The mechanisms and costs of physiological and toxicological acclimation to waterborne silver in juvenile rainbow trout (Oncorhynchus mykiss)
Abstract
Juvenile rainbow trout were exposed to 0, 0.1, 1, 3, and 5 μg/l silver (Ag, as AgNO3) for 23 days. Specific growth rate, cumulative food consumption, food-conversion efficiency, and critical swimming speed (Ucrit) were significantly reduced during 5 μg/l Ag exposure, demonstrating a physiological cost of silver acclimation. Only the 5 μg/l Ag treatment had significant cumulative mortality (5.2%).
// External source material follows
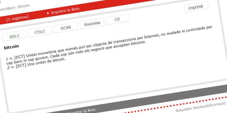 El Instituto de Estudios Catalanes (IEC) incluyó la palabra bitcoin en la nueva actualización de la segunda edición en línea del Diccionario de la lengua catalana (DIEC), informó la propia institución a través de un comunicado este martes 4 de junio.
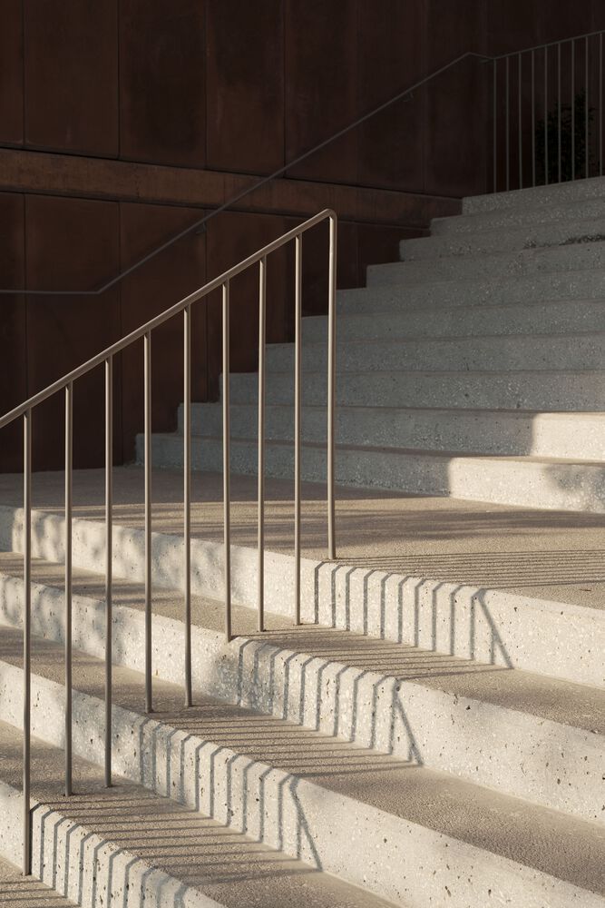 Finally, the tinting of the concrete envelope was chosen to prevent the buildings from being diluted in the surrounding monochrome background and giving them a ferruginous color that recalls the industrial character of the original building, now converted into a beacon approaching the southwest façade of the Compostela expansion.

Fish were most susceptible to silver on days 5 and 15. Exposure to 5 μg/l Ag significantly lowered plasma Na+ and Cl- on days 5 and 10, but plasma ion concentration recovered thereafter. Unidirectional Na+ uptake and gill Na/K-ATPase activity were significantly inhibited by 3 and 5 μg/l Ag exposure. Na+ uptake was inhibited by 3 μg/l Ag at day 5 alone, whereas the effects at the highest Ag exposure persisted until day 15. Gill Na/K-ATPase was inhibited on day 5 in both the 3 and 5 μg/l Ag treatments but increased to approx. 1.5 times of control levels by day 23. Only the 3 and 5 μg/l Ag treatments produced toxicological acclimation (at least twofold elevations in 168-h LC50 values in fish subsampled on days 15 and 23). We conclude that physiological acclimation results from compensatory changes in Na+ transport at the gills, and that these changes may eventually lead to toxicological acclimation.